Monday, 21 May 2012

my eutopia...

One of my daughter's final projects for school this year is to dream up and articulate a "eutopian society".  Her questions and our discussions have had me pondering this notion of eutopia.  Not an easy concept.

Today I was reading a book by none other than Bishop Desmond Tutu.  The chapter I was reading is called "God's Dream".  This is my eutopia...

"I have a dream," God says.  "Please help me to realize it.  It is a dream of a world whose ugliness and squalor and poverty, its war and hostility, its greed and harsh competitiveness, its alienation and disharmony are changed into their glorious counterparts, when there will be more laughter, joy, and peace, where there will be justice and goodness and compassion and love and caring and sharing.  I have a dream that swords will be beaten into plowshares and spears into pruning hooks, that my children will know that they are members of one family, the human family, my family."

Bishop Tutu goes on to say:
'In God's family, there are no outsiders.  All are insiders.  Black and white, rich and poor, gay and straight, Jew and Arab, Palestinian and Israeli, Roman Catholic and Protestant, Serb and Albanian, Hutu and tutsi, Muslim and Christian, Buddhist and Hindu, Pakistani and Indian - all belong.'

And also...
'The wonderful thing about family is that you are not expected to agree about everything under the sun.  Show me a man and wife who have never disagreed and I will show you some accomplished fibbers.
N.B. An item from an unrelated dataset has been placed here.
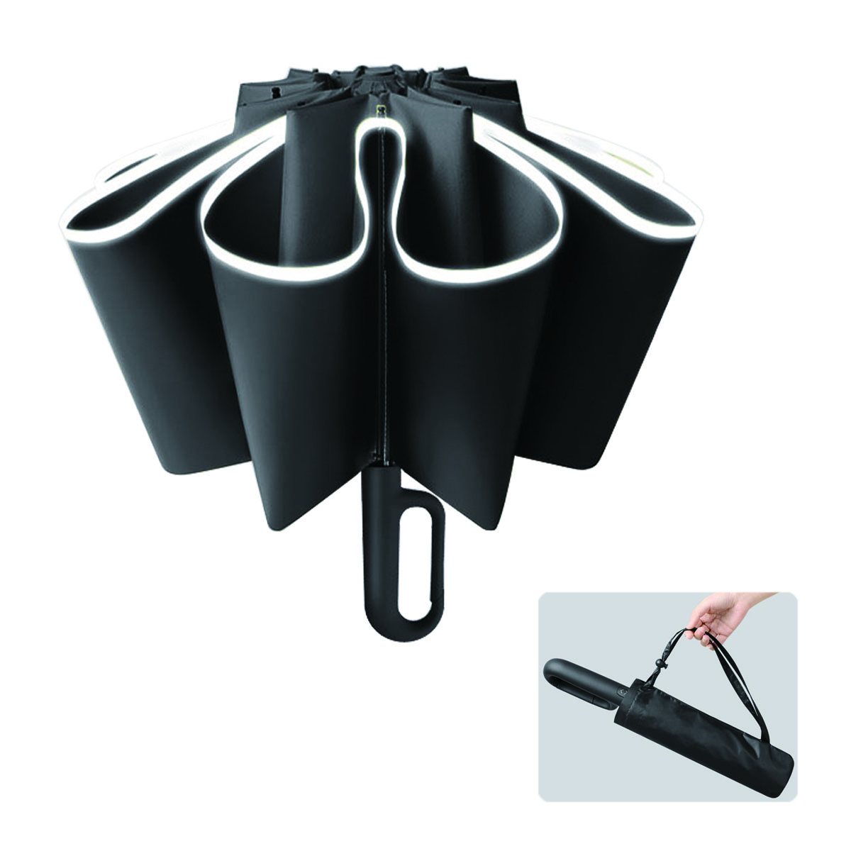 Umbrella have achieved the maximum UPF rating achievable: UPF 50+, means that effectively blocking 99% ultraviolet radiation even when the sun is strong. By adopting a reflective safety strip structure, it attracts attention even at night walk and improves safety. The unique buckle handle allows for easy hanging on backpacks, belts, and more. The 10 DOUBLE ribs are made of the black aluminum alloy, which is light, robust and does not rust, making the ribs of the umbrella resistant to bending and resisting strong winds. Folding design, easy to carry. The rainy surface will be inside when the umbrella is closed, so you won't have to worry about getting wet.

But those disagreements, pray God, do not usually destroy the unity of the family.  And so it should be with God's family.  We are not expected at all times to be unanimous or to have a consensus on every conceivable subject.  What is needed is to respect one another's points of view and not to impute unworthy motives to one another or to seek to impugn the integrity of the other.  Our maturity will be judged by how well we are able to agree to disagree and yet continue to love one another, to care for one another and cherish one another and seek the greater good of the other.
Another characteristic of the family is its willingness to share.  The early church went so far as to have its members selling their property, each refusing to claim as his exclusive properyt what had belonged to him before. They had all things in common.  When the one part suffered, the whole suffered with it, and when one part prospered, then the whole prospered wtih it.  There was a mutuality in the relationship in which all gave and all received.  In a happy family you don't receive in proportion to your input.  You receive in relation to your needs, the ones who make the least material contribution often being the ones who are most cared for - the young and the aged.'

And finally...
'Members of a family have a gentle and caring compassion for one another.  How I pray that we will open our eyes and see the real, true identity of each one of us, that this one is not a white or black, Hindu, Buddhist, Christian, Muslim or Jew but a brother, a sister, and treat each other as such.  If we could but recognize our common humanity, that we do belong together, that our destinies are bound up in one another's, that we can be free only together, that we can survive only together, that we can be human only together, then a glorious world would come into being where all of us lived harmoniously together as members of one family, the human family, God's family.  In truth a transfiguration would take place.  God's dream would become a reality.'

I believe in God's dream.  I believe it is possible.  I believe it is beginning to happen already.